5. “FINRA issued new AI rules in 2026”

The claim. The Financial Industry Regulatory Authority issued new rules in 2026 covering generative or agentic AI for broker-dealers, and firms must now implement a parallel AI-specific compliance regime.

The primary text. FINRA issued no new rules. Notice 24-09 — Firms’ Use of Artificial Intelligence, Including Large Language Models — published in 2024, remains authoritative. The 2026 Annual Regulatory Oversight Report’s GenAI section is supervisory guidance, framed as “considerations,” with the operative phrasing “may wish to consider.” The four areas it surfaces (agent access monitoring, human-in-the-loop, action and decision logging, behavioural guardrails) are explicitly framed as exploratory consideration areas, not enumerated mandatory controls.
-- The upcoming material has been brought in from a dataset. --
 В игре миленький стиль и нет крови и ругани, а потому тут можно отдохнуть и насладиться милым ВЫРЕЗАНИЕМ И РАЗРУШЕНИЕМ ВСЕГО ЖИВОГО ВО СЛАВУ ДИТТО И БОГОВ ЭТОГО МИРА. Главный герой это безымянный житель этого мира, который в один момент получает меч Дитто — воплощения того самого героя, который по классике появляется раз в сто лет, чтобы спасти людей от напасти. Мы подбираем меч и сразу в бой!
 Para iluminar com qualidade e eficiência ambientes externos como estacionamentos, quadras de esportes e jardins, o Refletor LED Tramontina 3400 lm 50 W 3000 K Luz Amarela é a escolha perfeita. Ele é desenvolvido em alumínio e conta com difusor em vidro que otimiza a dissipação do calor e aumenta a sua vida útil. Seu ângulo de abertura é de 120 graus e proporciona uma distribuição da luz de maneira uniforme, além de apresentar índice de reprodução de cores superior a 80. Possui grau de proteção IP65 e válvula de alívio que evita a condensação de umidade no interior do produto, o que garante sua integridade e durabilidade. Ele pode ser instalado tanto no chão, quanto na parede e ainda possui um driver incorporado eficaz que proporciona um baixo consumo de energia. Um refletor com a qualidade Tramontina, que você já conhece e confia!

The applicable rules — 3110 (Supervision), 3120 (Supervisory Control Systems), 17a-3/4 (recordkeeping) — are the same rules broker-dealers have been running for human traders.
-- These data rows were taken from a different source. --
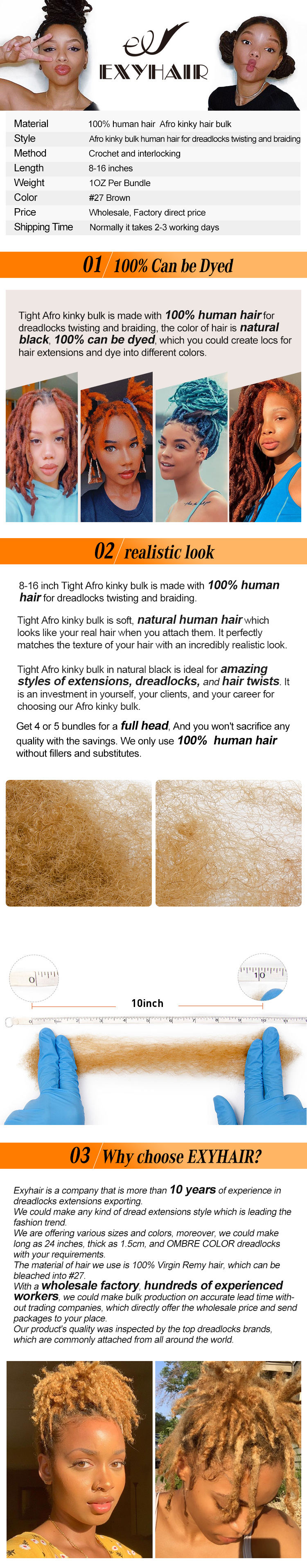 Exyhair #27 Tight Afro Kinky Bulk 100% Human Hair for Ideal to Make/ Repair Afro Hair Braids, Dreadlocks Extension, Afro Twist
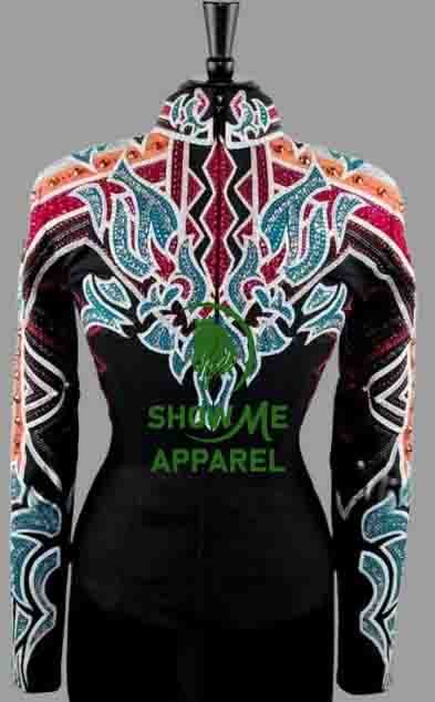 Horsemanship Jacket with Black base stretchable fabric. Unique Jewel pieces, with back hidden zipper Jac-22
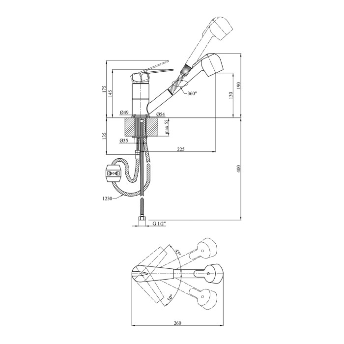 Змішувач для кухні з висувним виливом Kroner KRM Odra - C030-T
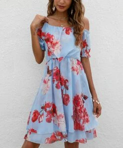 Flash Sale โญ Romantichut Blue Floral Crisscross-Back Sleeveless ๐ Dress – ๐ฉ Women โค๏ธ
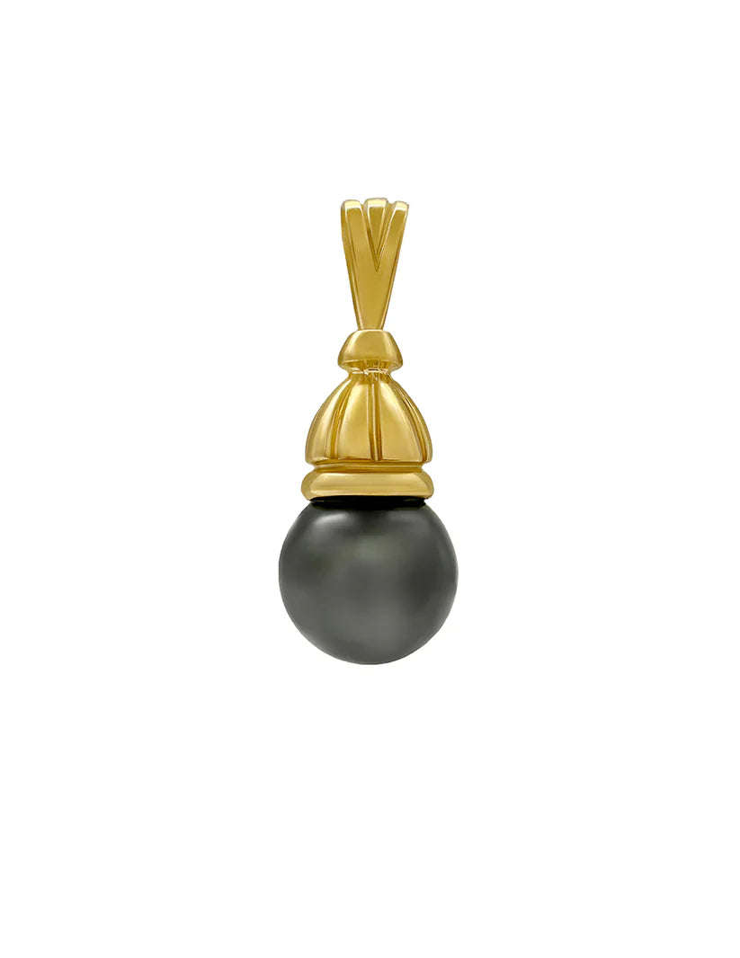 The Elise Pendant with Tahitian Pearl is an elegant pendant that features a lustrous black pearl, suspended in a beautifully crafted golden cradle, adding a touch of sophistication and highlights the natural beauty of the pearl.

The engineering implication. Don’t build a parallel AI-specific compliance stack. The supervisory infrastructure that produces evidence for human trader oversight (access controls, structured logs of agent actions, escalation paths, periodic supervisory review) is the same infrastructure that produces evidence for AI agent oversight — what changes is the schema of the events it ingests, not the architecture. The build is “make sure your existing 3110/3120 evidence pipeline accepts AI-agent events alongside human-trader events,” not “stand up a new AI compliance platform.” This is the same posture the prudential agencies took on 17 April 2026 with the SR 11-7 carve-out, six weeks earlier.

The pattern these share

All five misconceptions point in the same direction: build a heavier compliance architecture than the regulation actually requires, and inherit obligations that don’t apply. Each misconception costs engineering time, vendor budget, and — most expensively — slows down the AI deployments the firm could otherwise be shipping.

The regulator-side of this is convergent across jurisdictions. The Commission’s GPAI guidelines, the EBA factsheet, the FCA’s “no new rules” line on AI Live Testing, the SR 11-7 rewrite, and FINRA’s AROR all read as variations of the same posture: principles-based supervision applied to AI systems through existing rules, with regulators publishing examples of practice rather than issuing new mandates.

The build-side answer is symmetric. The architecture you actually need is the one that produces the evidence supervisors will ask for — provenance, traces, model inventory, vendor metadata, drift signals, human-oversight artefacts — across whichever combination of jurisdictions you operate in. One evidence architecture, multiple regulatory surfaces. The lighter compliance stack is the one that maps to the rules that actually apply.